In other words, knowing there’s a grammar is helpful, and it often guides us into new and fresh areas, or it helps us learn our chops (I saw in your newly launched blog that you emphasize how important it is to just learn chops). It’s like learning scales in music. You don’t start writing music based on a scale. But internalizing the scales is hugely helpful.
Really, a goal with a grammar is to lay open the field of possibility. The very boundaries of the grammar suggest new ways to develop ideas — and often ways that lie outside the grammar itself.
So, in short, I’d never try designing a game directly with a grammar. But it can help us anyway, both in understanding what we are doing, and in broadening our palette. IMHO, of course.
I agree with most of that. But I still don’t think you’re going to get to the moon that way. I think that, at best, you’re going to get a few nice insights.
Look at writing. We’ve been writing fiction for millenia. And as far as grammars and systems go, we have “introduction, complication, climax, conclusion” and some general advice about showing instead of telling. And that’s pretty much it. Deeper analysis of literature is usually comparative, to other examples of literature, and not against some fundamental grammar because there is no such grammar, just a few guidelines and insights.
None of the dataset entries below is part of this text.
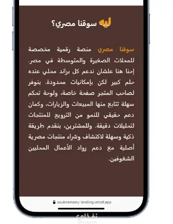 من قلب مصر نصنع تجربة تسوق تُلهمك خدمة موثوقة لكل بيت مصري سوقنا مصري منصة رقمية مخصصة للمحلات الصغيرة والمتوسطة في مصر. إحنا هنا علشان ندعم كل براند محلي عنده حلم كبير لكن بإمكانيات محدودة. بنوفر لصاحب المتجر صفحة خاصة، ولوحة تحكم سهلة تتابع منها المبيعات والزيارات، وكمان دعم حقيقي للنمو من الترويج للمنتجات لتحليلات دقيقة. وللمشترين، بنقدم طريقة ذكية وسهلة لاكتشاف وشراء منتجات مصرية أصلية مع دعم رواد الأعمال المحليين الشغوفين.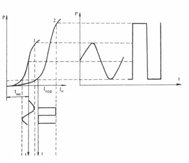 Рис. 3.29. Изменение интенсивности оптического излучения при различных видах ватт-амперной характеристики и токах накачки.
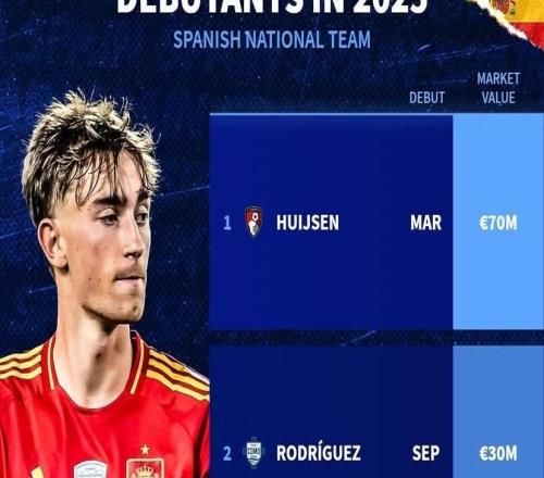 北京时间10月16日,德转列出了2025年完成西班牙国家队首秀的球员,今年到目前为止德拉富恩特仅给了三名球员完成国家队首秀的机会,今夏转会皇家马德里的赫伊森领衔。德转列2025年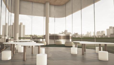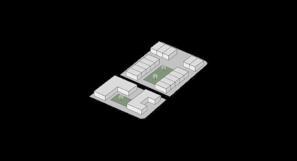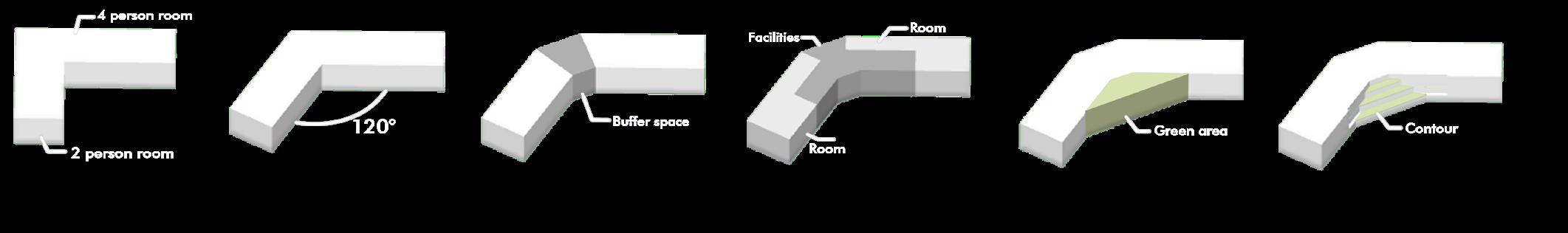 Derived from an L-shaped mass, this dormitory building is designed to form two separate areas for two different room types (2-person and 4-person rooms). The L shape creates a vast open space in the center of the building, allowing people to gather and engage in various activities. The open space has been expanded by 30 degrees, creating a 120-degree space, providing even more room. The two separate areas have a buffering space in the middle that serves as an indoor gathering space and public facility, with small gardens on each floor to provide a natural and green ambiance.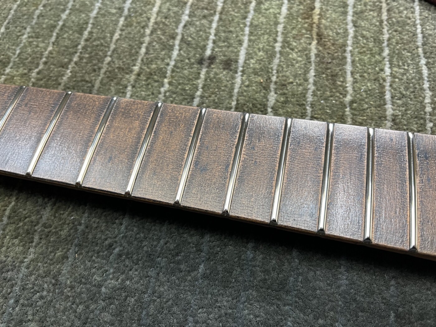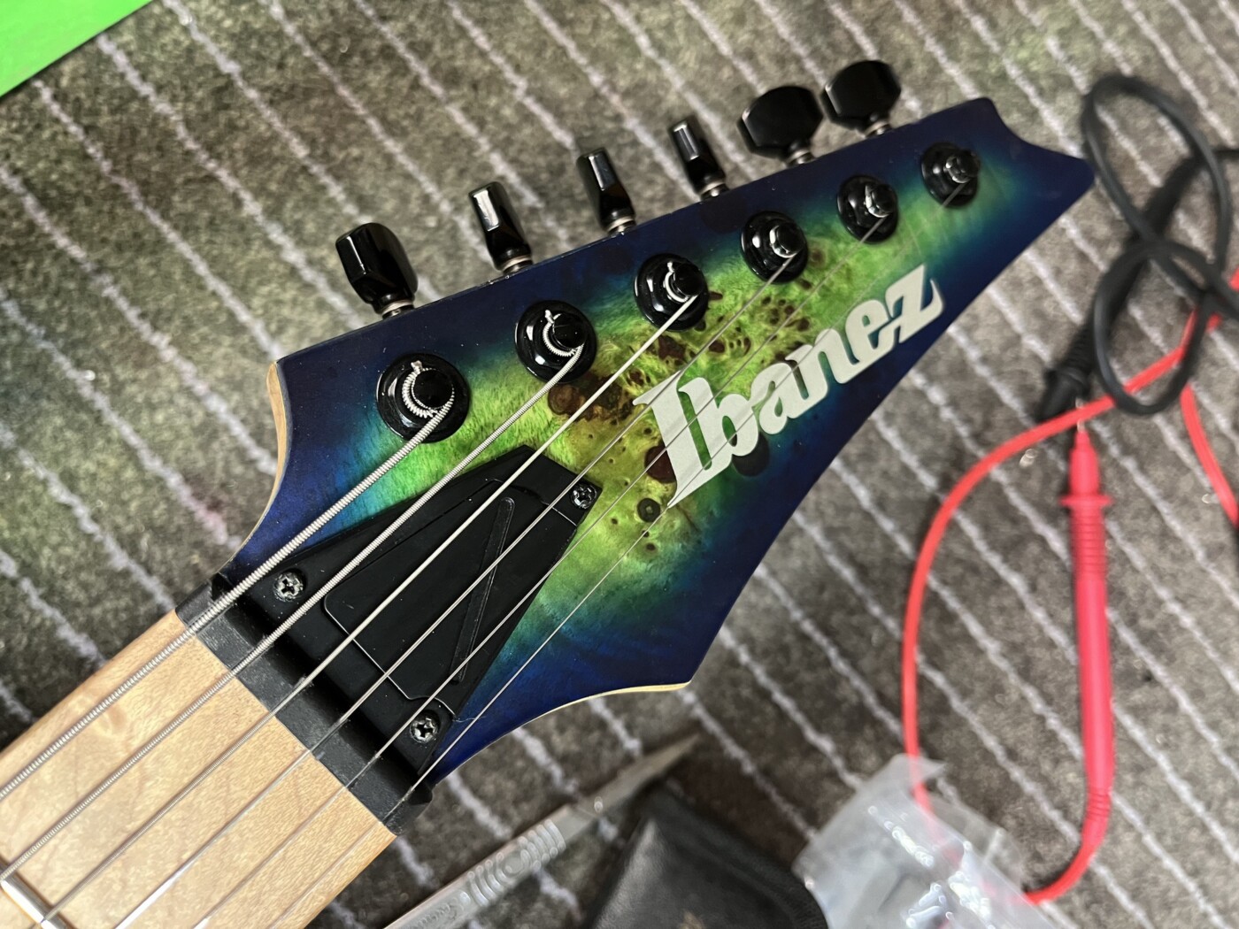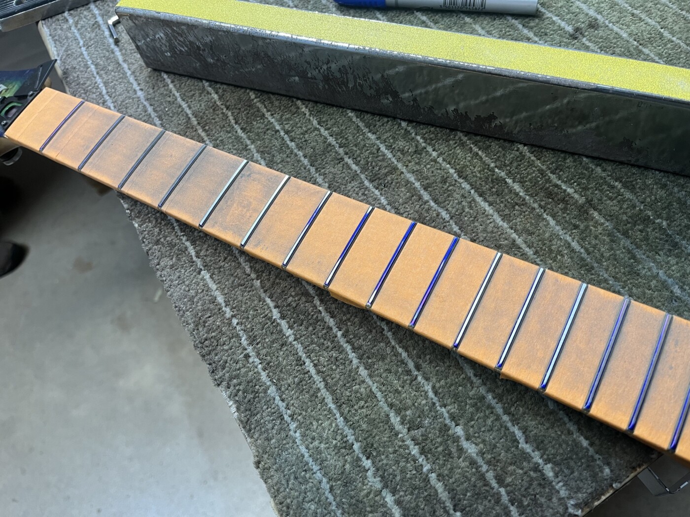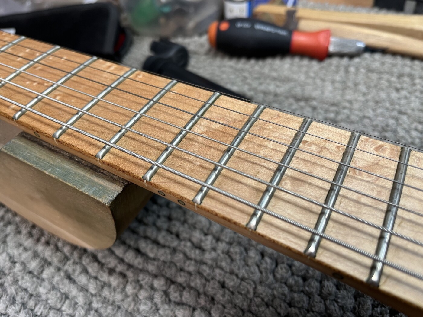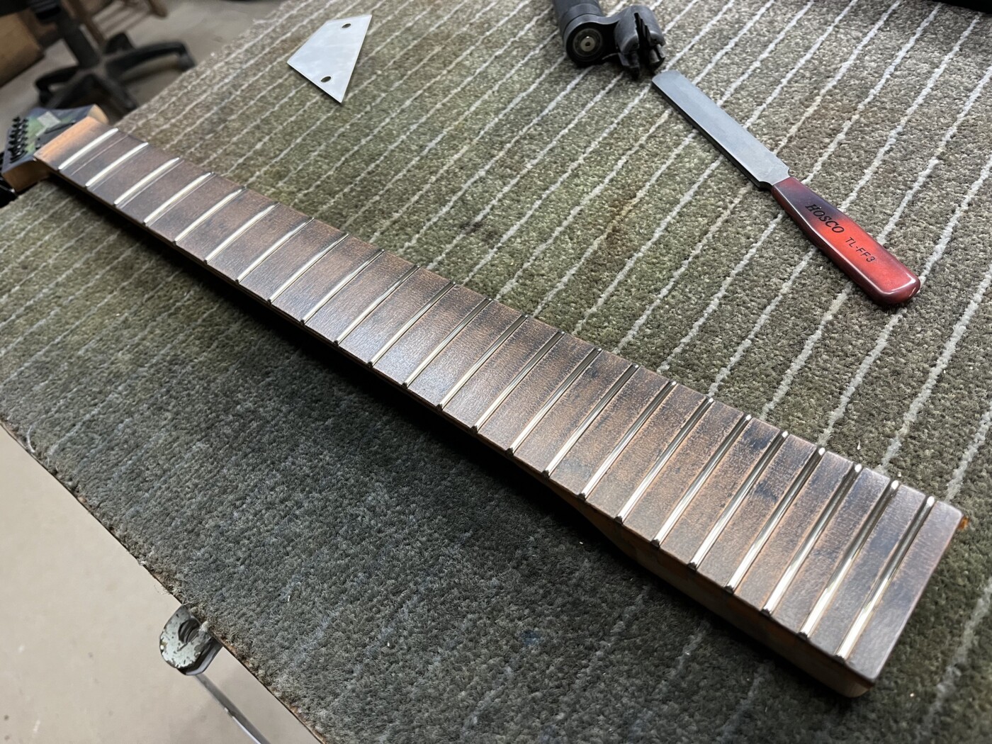 I gave this Ibanez a much needed fret level. The neck was shaped like an S and there was a real low spot around the 9th and 10th fret, especially on the D and G strings.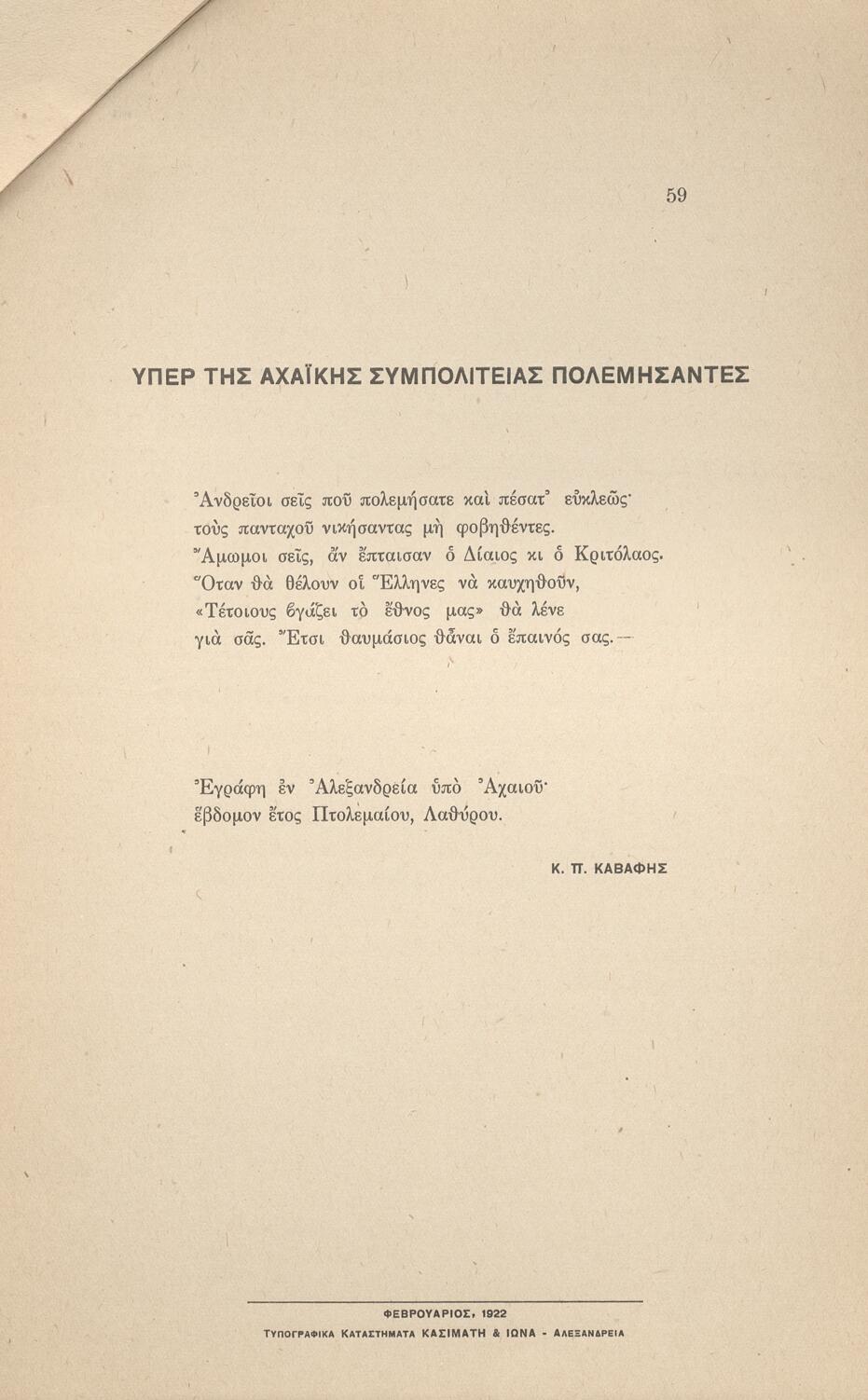 ΑΡΧΕΙΟ ΚΑΒΑΦΗ, Κ. Π.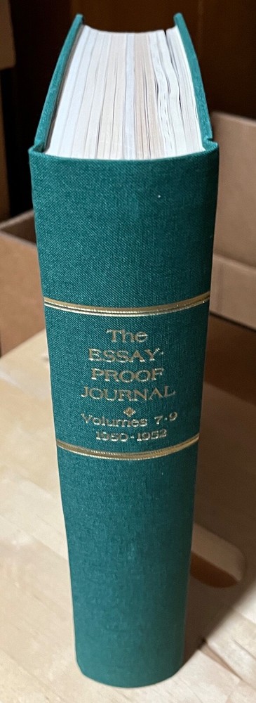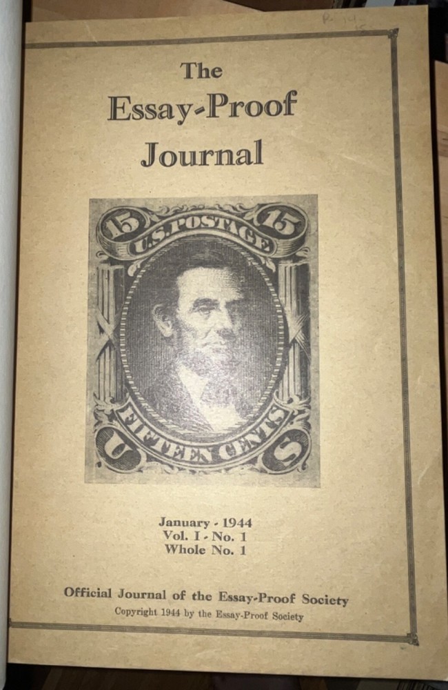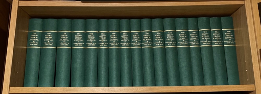 Essay-Proof Society. THE ESSAY-PROOF JOURNAL. Volumes 1–50 (1944–1993), complete, as issued in 200 illustrated numbers. Uniformly bound in seventeen volumes. 8vo, recent green cloth; spines ruled, lettered and decorated in gilt; original printed or pictorial card covers bound in. Approximately 10,000 pages. Some issues worn or with stained covers. Issues are mostly near fine; the bindings are new. While primarily philatelic, the Essay-Proof Journal is also highly relevant to banknote collectors and students of engraving. Over a half century, its many thousands of pages of text and illustrations touched on virtually every aspect of the topic. Recently bound to better preserve the set. Very rarely encountered complete and more-so bound. Clain-Stefanelli 555. Ex. Eric P. Newman Library. Ex Eric P. Newman Numismatic Education Society. Ex. George F. Kolbe Library. Except that it's not bound in leather, you will not find a better set than this one! Very heavy, hence will cost a lot to ship. But I will pack it well. Or you can pick it up in New Jersey upon prior arrangement.
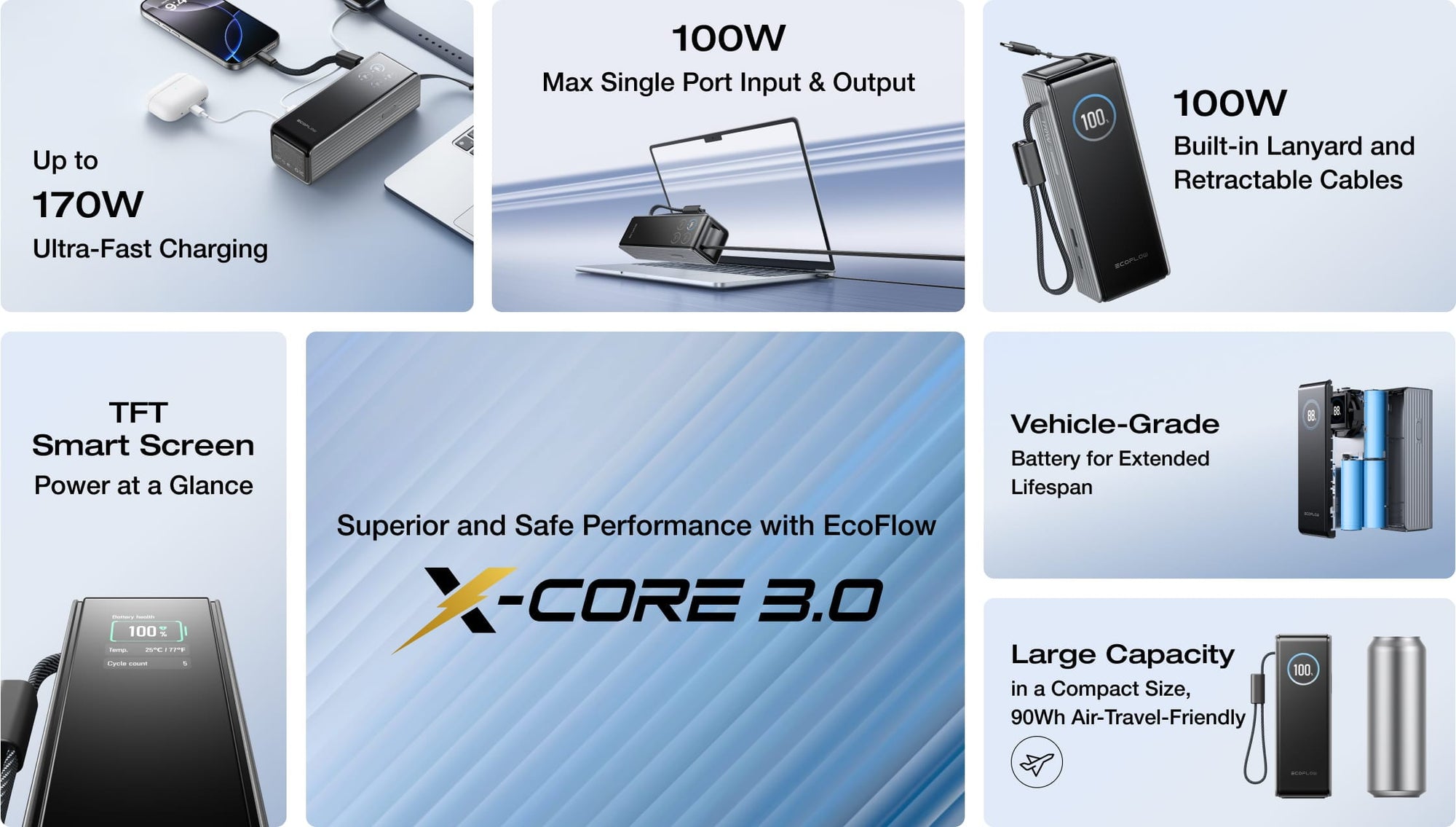 Specs - EcoFlow RAPID Power Bank (25,000mAh, 170W, 100W Built-In and Retractable Cables)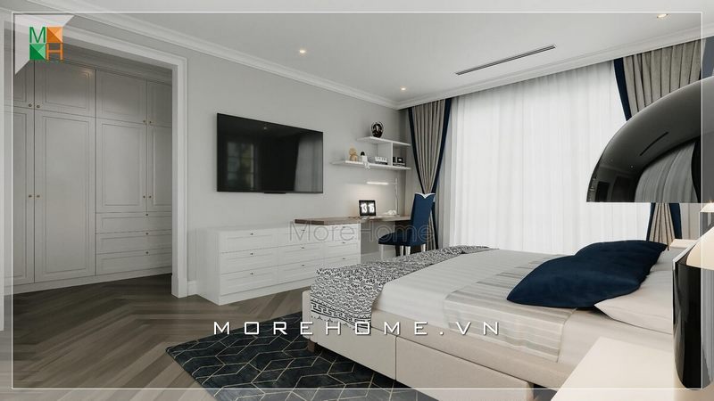 Tủ quần áo kết hợp tủ kệ ti vi hiện đại trong không gian biệt thự, nhà phố độc đáo sáng tạo vừa sang trọng lại tiện lợi, gọn gàng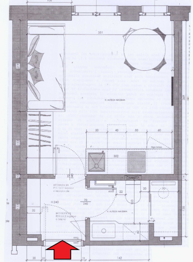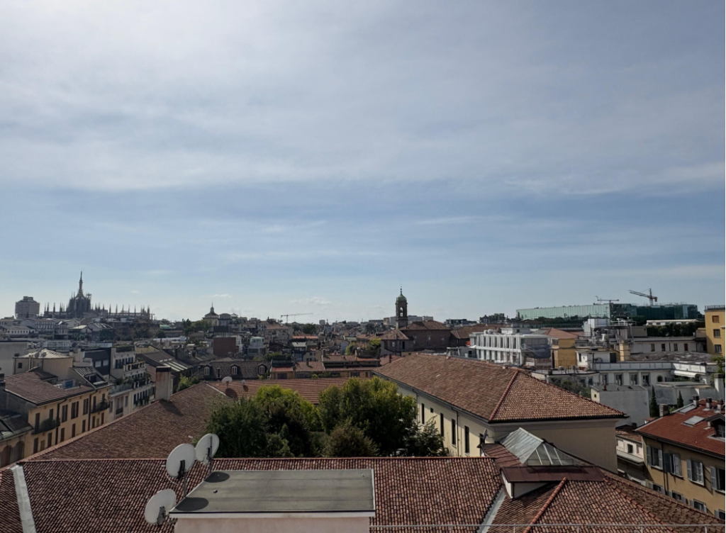 Al settimo e ultimo piano di un palazzo signorile, attico monolocale di mq. 25, arredato e completamente ristrutturato, con riscaldamento e acqua calda centralizzati, ascensore e portineria. Splendida vista a sud sul Duomo e il Quadrilatero della Moda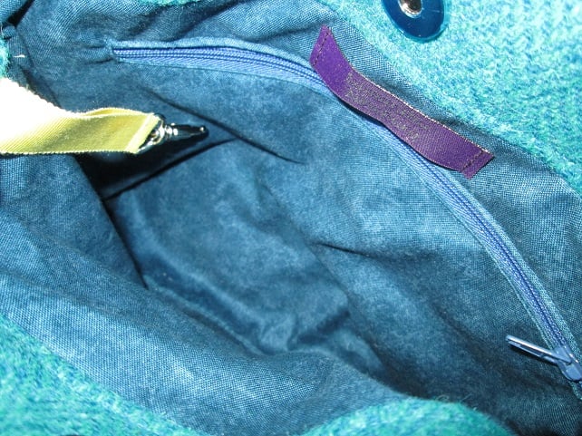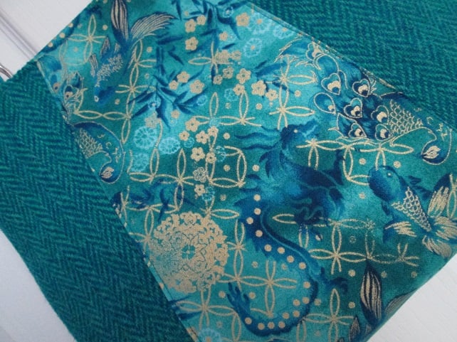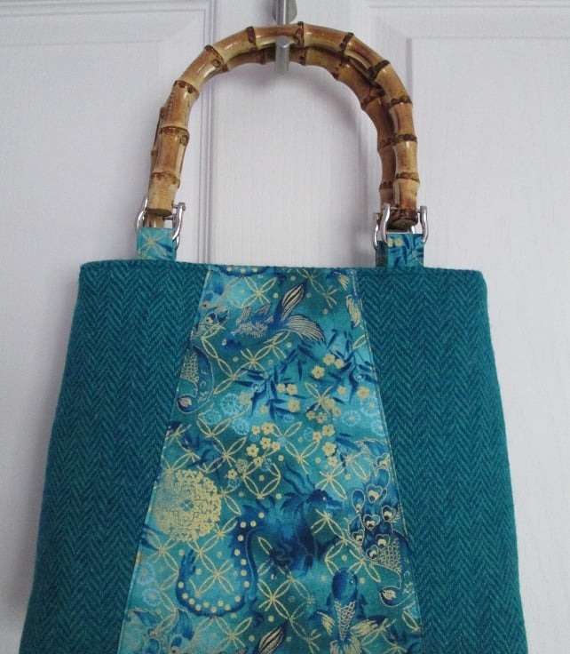 This is a rather special, 'one of a kind' handbag. When the beautiful, handwoven, turquoise 'Harris Tweed', arrived from Shawbost Weavers on the Isle of Lewis I realised it was a perfect colour match for one of my favourite oriental prints, and that I simply had to make a bag featuring both fabrics.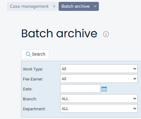 Fee Earner – select a fee earner to check all the matters owned by a particular fee earner which can be archived.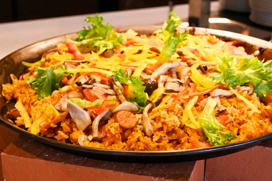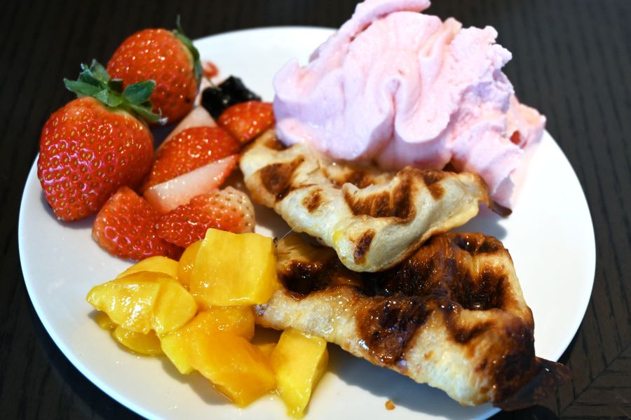 韓国料理だけでなく、根強いファンが多い同ホテル人気の「国産牛ローストビーフ」もその場でカットして提供してくれるのでお忘れなく。ほっこり温まる「ほうれん草とポテトのグラタン」や季節ごとに変わる焼きたて自家製パンも楽しんで。今回は、韓国料理のテーマに合わせた「韓国のりフォカッチャ」と、タイムやローズマリーなどの「ハーブバケット」が、保温カゴに入れられて各テーブルにサーブされる。

And literary analysis, instead of leading to these firm Platonic rules, has lead to post-modernism.
If you reads a lot of essays by good writers you’ll find that there are a million different ways to write good stories and that the frontier for what to write good stories about, and methods for doing so, is constantly changing. If anything game design is more complex than writing stories (as games can embed stories within a wider context). At the very least, it has a broader range of tools, and is far more contextually sensitive (the primary media for stories, spoken word and words on paper, have been static for centuries). If writers haven’t been able to do any better than a few general guidelines and words of advice, I’m not sure why we would.
Well, yes. But who said I was trying to get to the moon? (Metaphorically speaking?) I’m not trying to create the Grand Unified Theory here…
Fair enough. 🙂
I do think there have been many good insights already about MMO design, many coming from yourself. I do however feel like a lot of people are waiting for a Grand Unified Theory to sweep all of the really hard problems under the rug and make game design as easy as they’d hoped it would be. I think that examples can be cherry-picked to support this conclusion (or similar, lesser conclusions) when there are also good counter-examples. And I think that sometimes it is necessary to admit that there are no easy answers before you can set off in the right directions to solve the really hard problems.
For me solving these problems means more of a focus on creating opportunities for risky iteration and trial and error. Instead of focusing on grammars and theories I think we need to find ways to create lots and lots of games that people can play and give feedback on, so that we can gather a lot of data and impressions on potential directions to take our designs (and it’s not enoguh to make them, they have to be played as well). We can develop grammars and theories along the way to describe what we come up with and how they succeed or fail. We need to create or exploit contexts for game design under high environmental stress where large leaps of evolution will be par for the course. I think that will happen as niche markets develop, not through some monolithic theory coming out of the larger publishers (who will continue to make more money from vanilla, WoW-like games which polish well-known mechanics targetted at a lowest common denominator). A variation on the Cathedral and Bazaar if you will.
I think by and large the large companies are less interested in theory than you are. 😉
To me the grammar and analysis is useful precisely because it creates opportunities for creativity. Looking at games formally gives me game ideas, to put it as simply as I can. When I try to figure out how a puzzle game worls, it makes me think “could a puzzle game work this way instead?” When I try defining a basic premise of how games work, it challenges me to try to make a game that defies that premise. And so on.